**How to complete this task**. Pull every line containing "with" from the entries.

**Records shown**.
┌──

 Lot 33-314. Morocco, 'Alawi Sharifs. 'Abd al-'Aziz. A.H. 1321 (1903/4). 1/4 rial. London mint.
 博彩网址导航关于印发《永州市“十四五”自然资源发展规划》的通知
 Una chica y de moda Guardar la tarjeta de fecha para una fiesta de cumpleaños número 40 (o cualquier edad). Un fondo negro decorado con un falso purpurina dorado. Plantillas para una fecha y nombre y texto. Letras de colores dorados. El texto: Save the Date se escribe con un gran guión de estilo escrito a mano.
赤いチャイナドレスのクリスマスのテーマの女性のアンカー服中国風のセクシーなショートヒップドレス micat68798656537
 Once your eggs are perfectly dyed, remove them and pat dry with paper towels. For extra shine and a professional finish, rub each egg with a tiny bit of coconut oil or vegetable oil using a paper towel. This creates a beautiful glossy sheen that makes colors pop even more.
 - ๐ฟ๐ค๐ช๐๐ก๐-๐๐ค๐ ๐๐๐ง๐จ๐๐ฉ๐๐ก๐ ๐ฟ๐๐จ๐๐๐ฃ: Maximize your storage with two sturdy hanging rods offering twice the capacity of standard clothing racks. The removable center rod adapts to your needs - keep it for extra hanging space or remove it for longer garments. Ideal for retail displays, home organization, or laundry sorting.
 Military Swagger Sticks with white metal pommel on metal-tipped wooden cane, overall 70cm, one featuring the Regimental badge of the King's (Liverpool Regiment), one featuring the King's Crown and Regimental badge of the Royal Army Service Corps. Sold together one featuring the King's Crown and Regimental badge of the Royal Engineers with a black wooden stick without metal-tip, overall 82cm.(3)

└──
┌──

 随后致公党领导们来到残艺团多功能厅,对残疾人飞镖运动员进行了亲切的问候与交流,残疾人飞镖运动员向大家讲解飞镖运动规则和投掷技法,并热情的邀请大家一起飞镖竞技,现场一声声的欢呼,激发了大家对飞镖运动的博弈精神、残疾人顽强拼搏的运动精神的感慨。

└──

**Task solution**.
 Once your eggs are perfectly dyed, remove them and pat dry with paper towels. For extra shine and a professional finish, rub each egg with a tiny bit of coconut oil or vegetable oil using a paper towel. This creates a beautiful glossy sheen that makes colors pop even more.
 - ๐ฟ๐ค๐ช๐๐ก๐-๐๐ค๐ ๐๐๐ง๐จ๐๐ฉ๐๐ก๐ ๐ฟ๐๐จ๐๐๐ฃ: Maximize your storage with two sturdy hanging rods offering twice the capacity of standard clothing racks. The removable center rod adapts to your needs - keep it for extra hanging space or remove it for longer garments. Ideal for retail displays, home organization, or laundry sorting.
 Military Swagger Sticks with white metal pommel on metal-tipped wooden cane, overall 70cm, one featuring the Regimental badge of the King's (Liverpool Regiment), one featuring the King's Crown and Regimental badge of the Royal Army Service Corps. Sold together one featuring the King's Crown and Regimental badge of the Royal Engineers with a black wooden stick without metal-tip, overall 82cm.(3)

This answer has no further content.